WHAT TO PRODUCE - Find the line with "Elif Ufluoğlu’nun hazırlayıp" in the records below. Output exactly from there until after the line with "계양골독서회 참가희망자는 2월", without pictures.

DATA FOR THE TASK -
= = = =

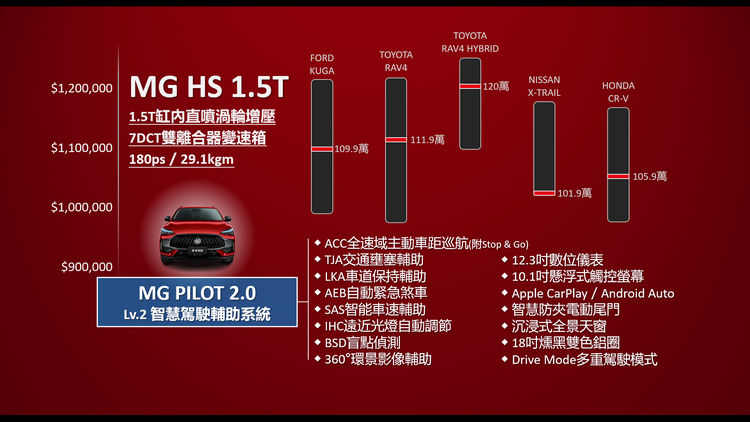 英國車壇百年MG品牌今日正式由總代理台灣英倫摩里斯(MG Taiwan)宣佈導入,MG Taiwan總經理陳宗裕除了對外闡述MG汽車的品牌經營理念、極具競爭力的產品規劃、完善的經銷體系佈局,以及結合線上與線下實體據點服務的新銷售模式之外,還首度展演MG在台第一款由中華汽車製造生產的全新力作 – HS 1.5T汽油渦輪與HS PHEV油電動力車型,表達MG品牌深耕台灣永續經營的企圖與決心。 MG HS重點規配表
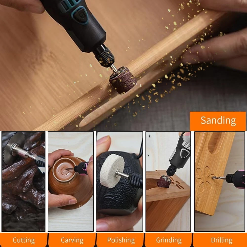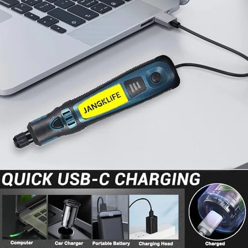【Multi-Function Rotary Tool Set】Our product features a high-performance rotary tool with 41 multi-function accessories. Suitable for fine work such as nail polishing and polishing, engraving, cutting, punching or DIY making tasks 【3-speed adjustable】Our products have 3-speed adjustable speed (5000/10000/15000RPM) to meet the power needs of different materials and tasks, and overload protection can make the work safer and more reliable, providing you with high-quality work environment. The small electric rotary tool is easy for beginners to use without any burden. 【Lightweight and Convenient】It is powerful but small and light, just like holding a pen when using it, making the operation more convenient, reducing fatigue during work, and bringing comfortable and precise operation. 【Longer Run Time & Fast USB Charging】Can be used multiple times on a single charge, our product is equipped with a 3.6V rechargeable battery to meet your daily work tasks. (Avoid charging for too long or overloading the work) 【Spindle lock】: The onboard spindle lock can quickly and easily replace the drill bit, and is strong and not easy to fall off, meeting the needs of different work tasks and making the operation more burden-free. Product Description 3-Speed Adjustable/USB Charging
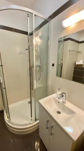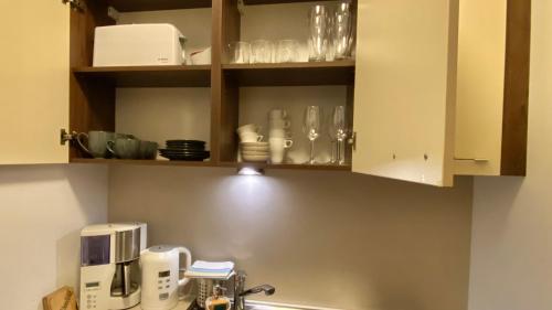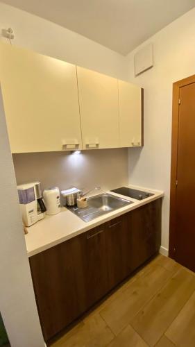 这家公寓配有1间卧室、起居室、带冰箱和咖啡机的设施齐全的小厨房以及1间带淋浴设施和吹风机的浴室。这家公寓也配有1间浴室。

= = = =

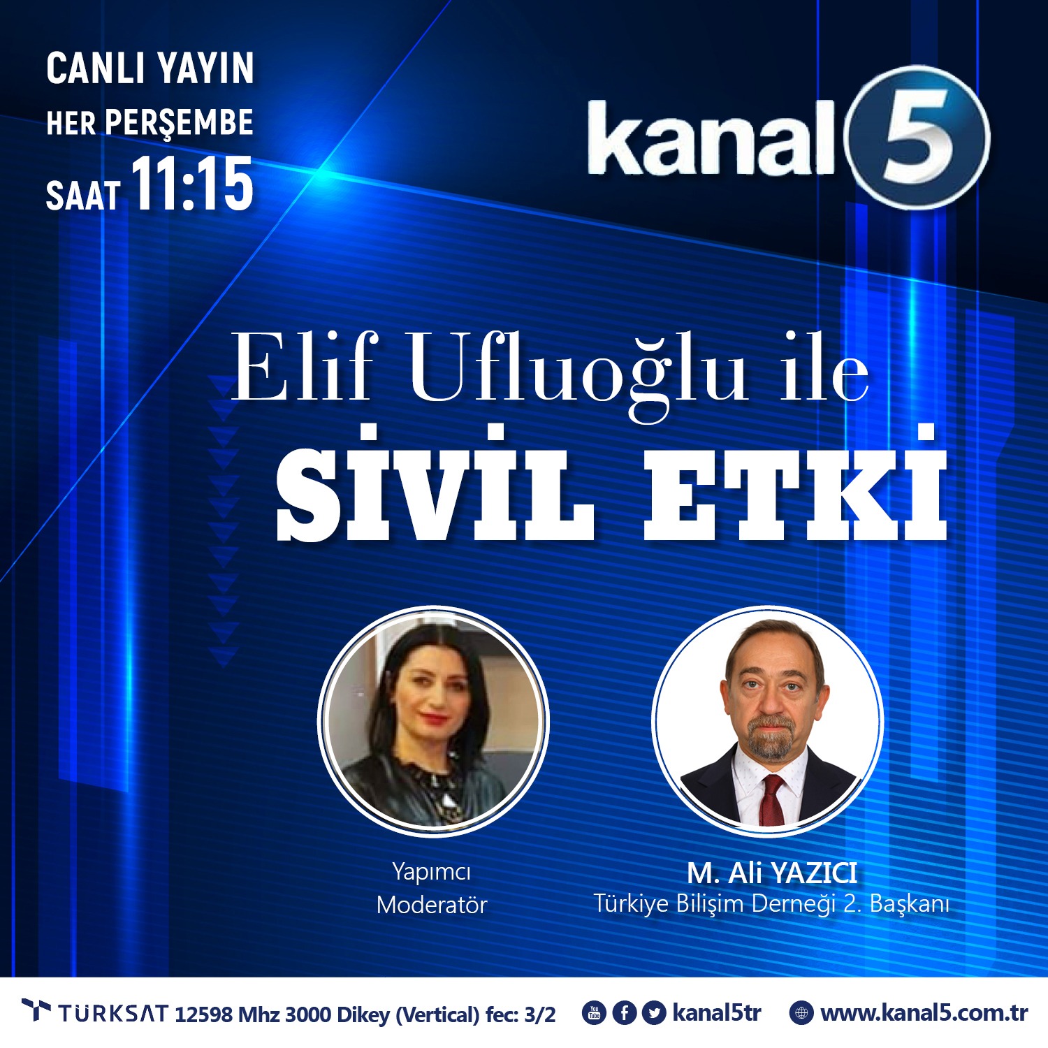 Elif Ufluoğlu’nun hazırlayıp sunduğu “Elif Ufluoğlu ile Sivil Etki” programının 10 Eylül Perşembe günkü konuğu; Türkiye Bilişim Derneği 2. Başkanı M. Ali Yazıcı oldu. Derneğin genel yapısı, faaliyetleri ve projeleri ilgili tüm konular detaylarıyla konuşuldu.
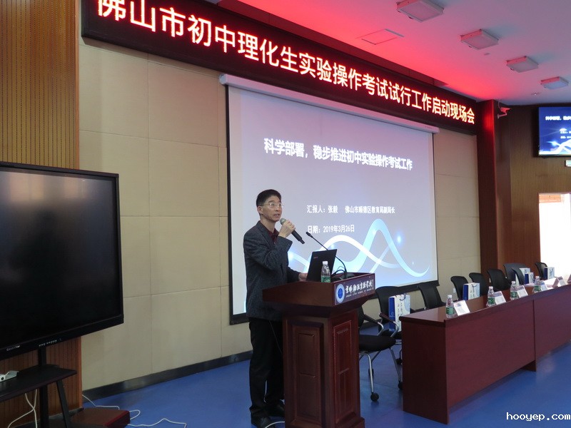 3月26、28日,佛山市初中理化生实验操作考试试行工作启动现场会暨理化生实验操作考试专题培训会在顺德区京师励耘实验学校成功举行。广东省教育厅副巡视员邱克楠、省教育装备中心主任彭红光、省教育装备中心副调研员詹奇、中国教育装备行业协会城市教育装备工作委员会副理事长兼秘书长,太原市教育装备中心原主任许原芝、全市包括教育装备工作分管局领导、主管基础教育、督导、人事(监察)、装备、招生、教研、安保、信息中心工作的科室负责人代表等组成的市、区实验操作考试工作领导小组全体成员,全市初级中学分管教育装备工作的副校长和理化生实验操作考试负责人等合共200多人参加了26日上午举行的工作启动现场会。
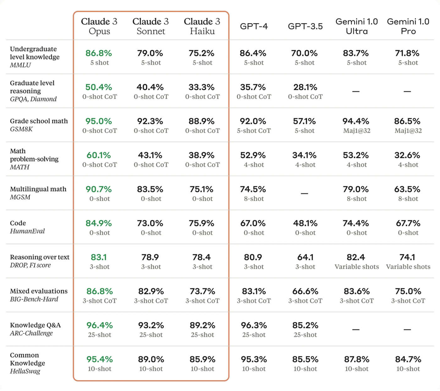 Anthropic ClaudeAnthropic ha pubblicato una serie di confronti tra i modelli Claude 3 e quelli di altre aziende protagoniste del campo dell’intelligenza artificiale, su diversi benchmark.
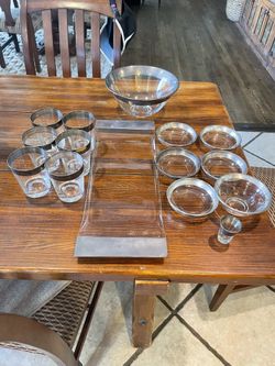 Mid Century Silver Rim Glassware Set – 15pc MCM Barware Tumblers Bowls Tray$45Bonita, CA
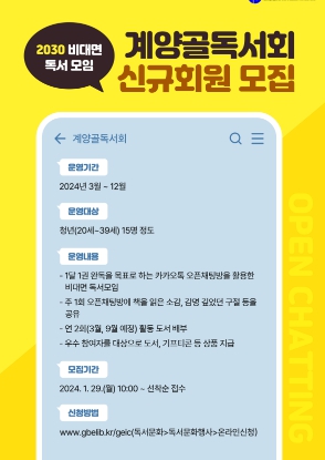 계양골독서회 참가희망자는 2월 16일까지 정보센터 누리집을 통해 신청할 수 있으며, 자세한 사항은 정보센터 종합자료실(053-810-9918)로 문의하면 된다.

= = = =

WRITTEN REPLY -
 Elif Ufluoğlu’nun hazırlayıp sunduğu “Elif Ufluoğlu ile Sivil Etki” programının 10 Eylül Perşembe günkü konuğu; Türkiye Bilişim Derneği 2. Başkanı M. Ali Yazıcı oldu. Derneğin genel yapısı, faaliyetleri ve projeleri ilgili tüm konular detaylarıyla konuşuldu.
 3月26、28日,佛山市初中理化生实验操作考试试行工作启动现场会暨理化生实验操作考试专题培训会在顺德区京师励耘实验学校成功举行。广东省教育厅副巡视员邱克楠、省教育装备中心主任彭红光、省教育装备中心副调研员詹奇、中国教育装备行业协会城市教育装备工作委员会副理事长兼秘书长,太原市教育装备中心原主任许原芝、全市包括教育装备工作分管局领导、主管基础教育、督导、人事(监察)、装备、招生、教研、安保、信息中心工作的科室负责人代表等组成的市、区实验操作考试工作领导小组全体成员,全市初级中学分管教育装备工作的副校长和理化生实验操作考试负责人等合共200多人参加了26日上午举行的工作启动现场会。
 Anthropic ClaudeAnthropic ha pubblicato una serie di confronti tra i modelli Claude 3 e quelli di altre aziende protagoniste del campo dell’intelligenza artificiale, su diversi benchmark.
 Mid Century Silver Rim Glassware Set – 15pc MCM Barware Tumblers Bowls Tray$45Bonita, CA
 계양골독서회 참가희망자는 2월 16일까지 정보센터 누리집을 통해 신청할 수 있으며, 자세한 사항은 정보센터 종합자료실(053-810-9918)로 문의하면 된다.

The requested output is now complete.